STORED DATA: Begin

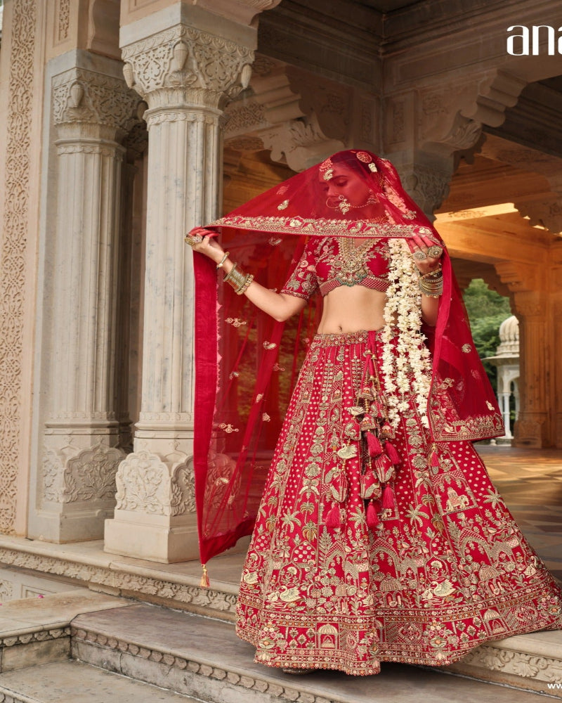Heavy bridal silk lehenga with khaki work and hand embroidery all over in size upto 40 inches , unstitched, with net dupatta
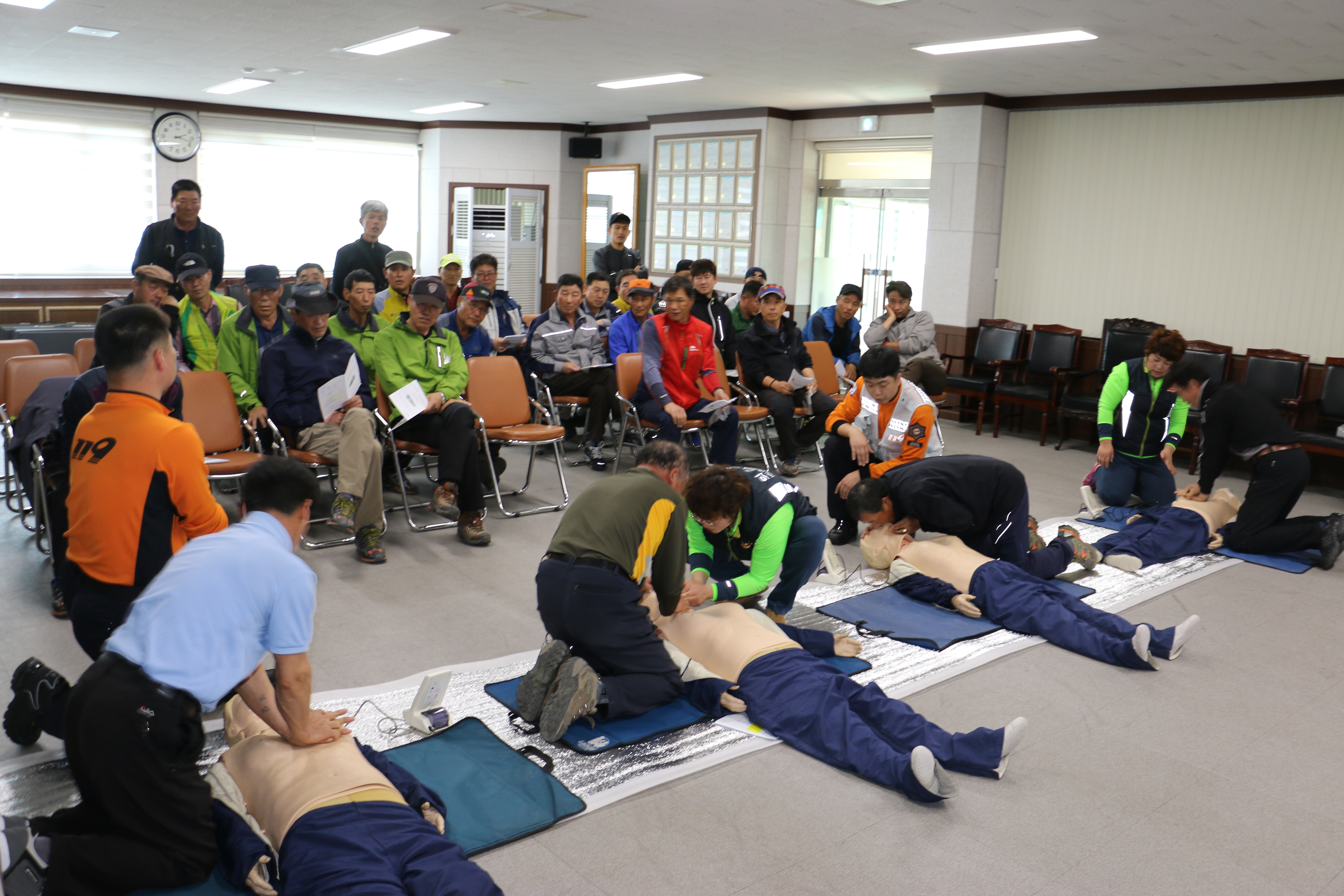 이번 교육은 환경미화원 대상 급작스러운 안전사고를 대비해서 실전에서 제대로 대응 할 수 있도록 하기 위해 3시간에 걸쳐 이론 및 실습교육을 실시하고 마지막 평가에서 합격한 자에 대해서 교육 이수증을 발급했다.
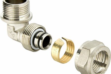 Угловой латунный никелированный обжимной фитинг для соединения металлополимерного трубопровода с компонентом системы, имеющим резьбовое подключение, 20 х 1/2". Резьба фитинга - наружная трубная, по ГОСТу 6357. Cерия VTm.353.N
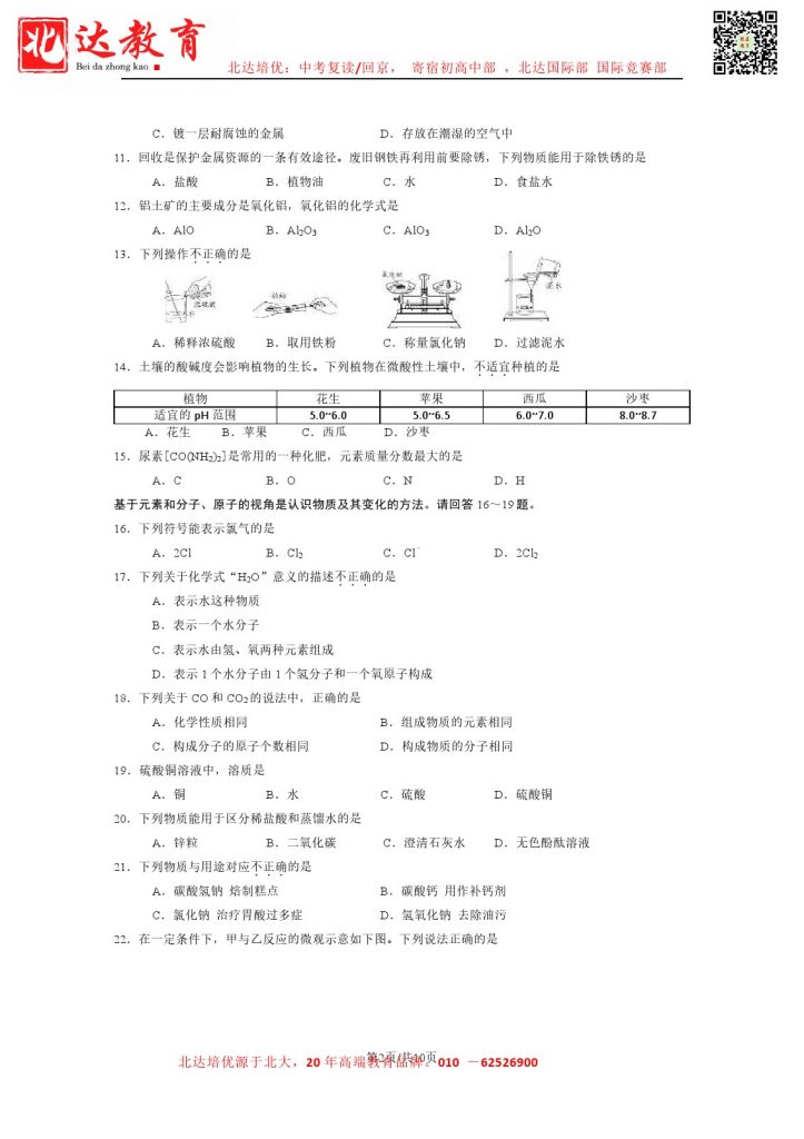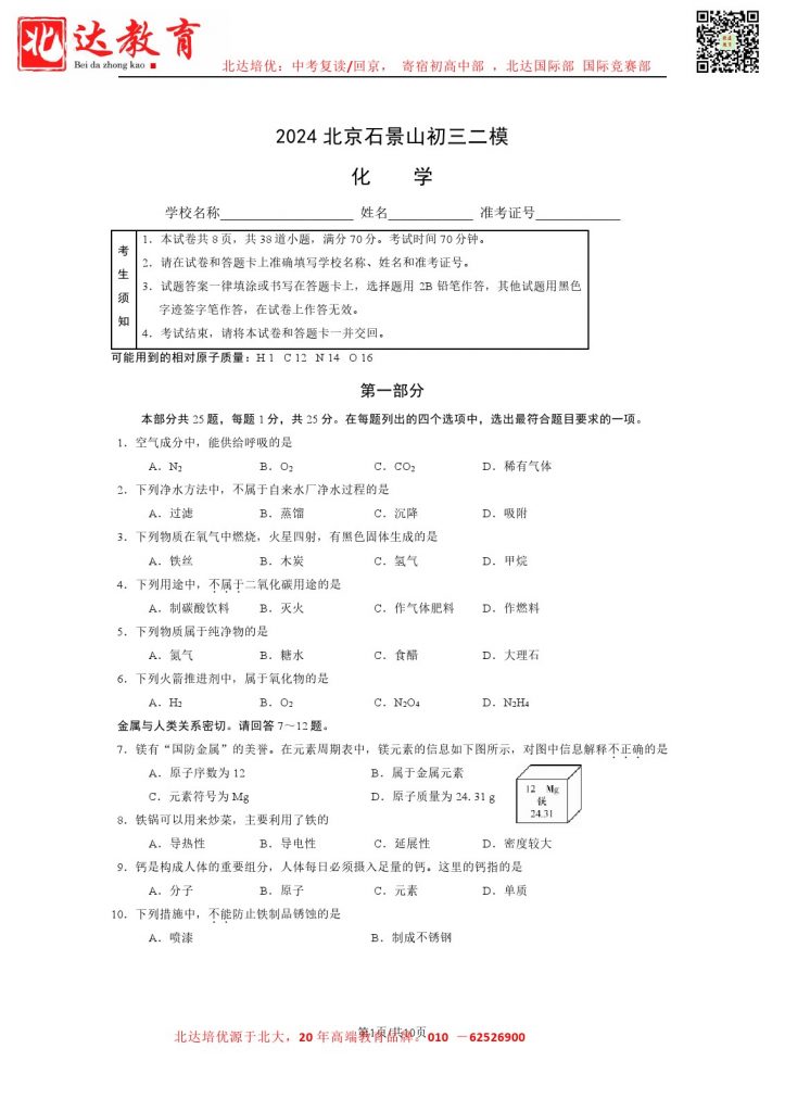 admw360中考教研组收集整理了2024北京石景山区初三二模化学试题及答案,快来看看你答的如何吧。

STORED DATA: End

PROBLEM → Excluding pictures, copy exactly the lines from the line containing "Угловой латунный никелированный" through the last line of the data, inclusive.

RESPONSE TO THE EXERCISE →
 Угловой латунный никелированный обжимной фитинг для соединения металлополимерного трубопровода с компонентом системы, имеющим резьбовое подключение, 20 х 1/2". Резьба фитинга - наружная трубная, по ГОСТу 6357. Cерия VTm.353.N
 admw360中考教研组收集整理了2024北京石景山区初三二模化学试题及答案,快来看看你答的如何吧。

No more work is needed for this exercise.